Probably the movie’s most famous scene is the duel sequence between young Clive Candy and Theo Kretschmar-Schulfdorff (Anton Walbrook), who’s been chosen to defend the honor of a German nobleman whom Candy punched out in a Berlin restaurant. Researching this scene, Pressburger found an old book of dueling protocol, which is replicated in scrupulous detail: the inspection of the combatants’ clothing, the formation marching, the proper commands to begin and end the combat, the positioning of the sabers point to point as the two men prepare to face off. This rich sense of formality extends to the filmmaking, with its beautiful symmetrical frames, its pregnant quiet as boot heels resonate on the wood floor. Yet as soon as the duel commences, Powell and Pressburger cut to an overhead shot and pull away, cross-fading to an exterior shot and leaving us to wonder what happens inside the building.
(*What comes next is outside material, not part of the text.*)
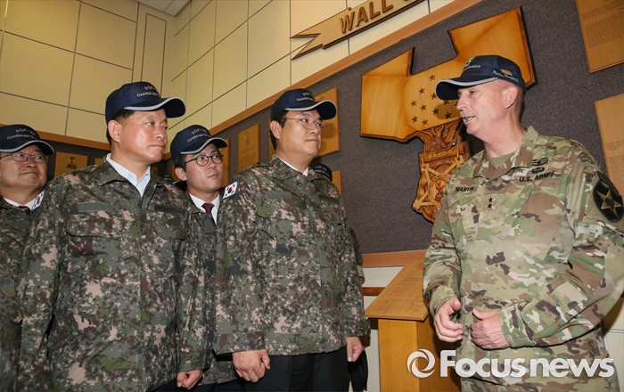 (의정부=포커스뉴스) 정진석 새누리당 원내대표, 김영우 국방위원장 등 의원들이 24일 오전 경기도 의정부 미2사단 한미연합사단을 방문해 테드 마틴 미2사단장으로부터 명예훈장 수여자 패널에 대한 설명을 듣고 있다.

This sort of thing didn’t make much sense to me when I saw the movie as a young man, but now it does. Back then I was more inclined to ridicule older people and their traditions, and thought I was mighty heroic for doing so; now I realize that the things I remember from years earlier—like this movie, for instance—are critically important, because they enable me to measure how much I have or haven’t changed. That’s not a comfortable position to maintain in a culture that prizes youth and lets history wither away as people hunch over their handheld devices, waiting for the next instant message. But time has a way of sorting that stuff out. “Let me tell you that in 40 years’ time you’ll be an old gentleman too!” fat old Clive Candy warns the cocky young officer in the opening sequence. The only justice in ageism is that its perpetrators inevitably become its victims.